In a book called Civil liability in Europe for terrorism-related risk, Cambridge, Cambridge University Press , 2015, Lucas Bergkamp, Michael Faure, Monica Hinteregger and Niels Philipsen examine the exposure of operators of facilities such as airports, train stations, nuclear power plants and the security industry to liability. After the terrorist attacks in Paris, Madrid, London and Brussels, also in Europe concerns have arisen about a potential liability exposure for terrorism-related damage which has been called “enterprise-threatening”. The book analyses civil lability for terrorism-related risk under international and European Union law and the law of several representative Member States. The book also compares the liability environment in Europe to the situation in the US which, as noted, thought it necessary to provide for liability protection for industry through specific legislation.
The international liability treaties do not specifically deal with liability for damage caused by terrorists and neither does European Union legislation. As a result liability for damage caused by terrorists is chiefly a function of national law. The facility operator may be liable towards victims under fault-based liability rules or under strict liability if the activity is deemed “hazardous”. In theory also a security firm could be liable, but the burden of proof lies with the victim. Despite suggestions to the contrary the authors found no evidence of an impending liability crisis in the security industry. Assertions of potentially “enterprise-threatening” liability exposure are not consistent with the liability standards under the law of the examined legal systems. Thus far facility operators and security firms have not been held liable for damage caused by terrorist attacks in Europe.

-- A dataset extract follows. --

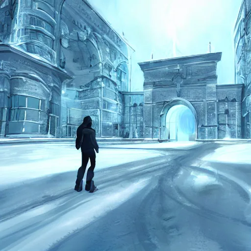 mirror's edge in russia, winter concept art, artstation, unreal engine, game screenshot with hud and hands
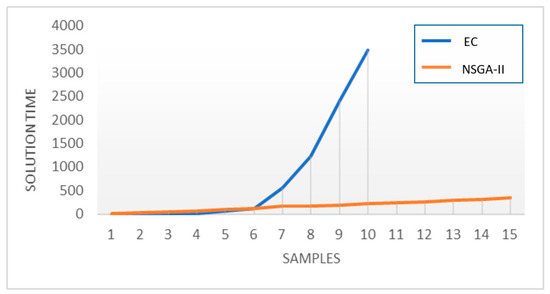 Notably, EC is better than NSGA-II in some cases because it is not capable of solving the problem optimally within the proposed time limit. For instance, in terms of the MID metric, the suggested NSGA-II algorithm shows a better performance than EC when the size of the problem increases. On such an occasion, the proposed NSGA-II can be highly helpful and reliable. Moreover, Table 6 and Figure 7 illustrate the computational time of the methods for each problem. Evidently, by increasing the problem size, the computational time of the EC method increases exponentially, until it cannot solve the large-sized problem in 3600 s. However, the proposed NSGA-II is capable of solving large-sized problems in a reasonable time.

It is therefore concluded that no urgent EU measures are necessary.
However, although the case for a liability limitation for the security industry is therefore weak, civil liability for terrorism-related risk is an issue that does require the attention of policy-makers. Policy-makers should take time to analyse the liability exposure of operators and security firms. It is particularly important to verify any malfunctioning of the markets for terrorism-related insurance and public procurement of security services. To prevent specific problems of liability rules to the case of terrorism the EU could consider drafting a recommendation or communication concerning the promotion of the insurability of terrorism-related risk. In developing policy on this issue, the government should keep in mind that its primary responsibility is to prevent terrorist attacks from occurring and liability for damage caused by such attacks can contribute to accomplishing this objective.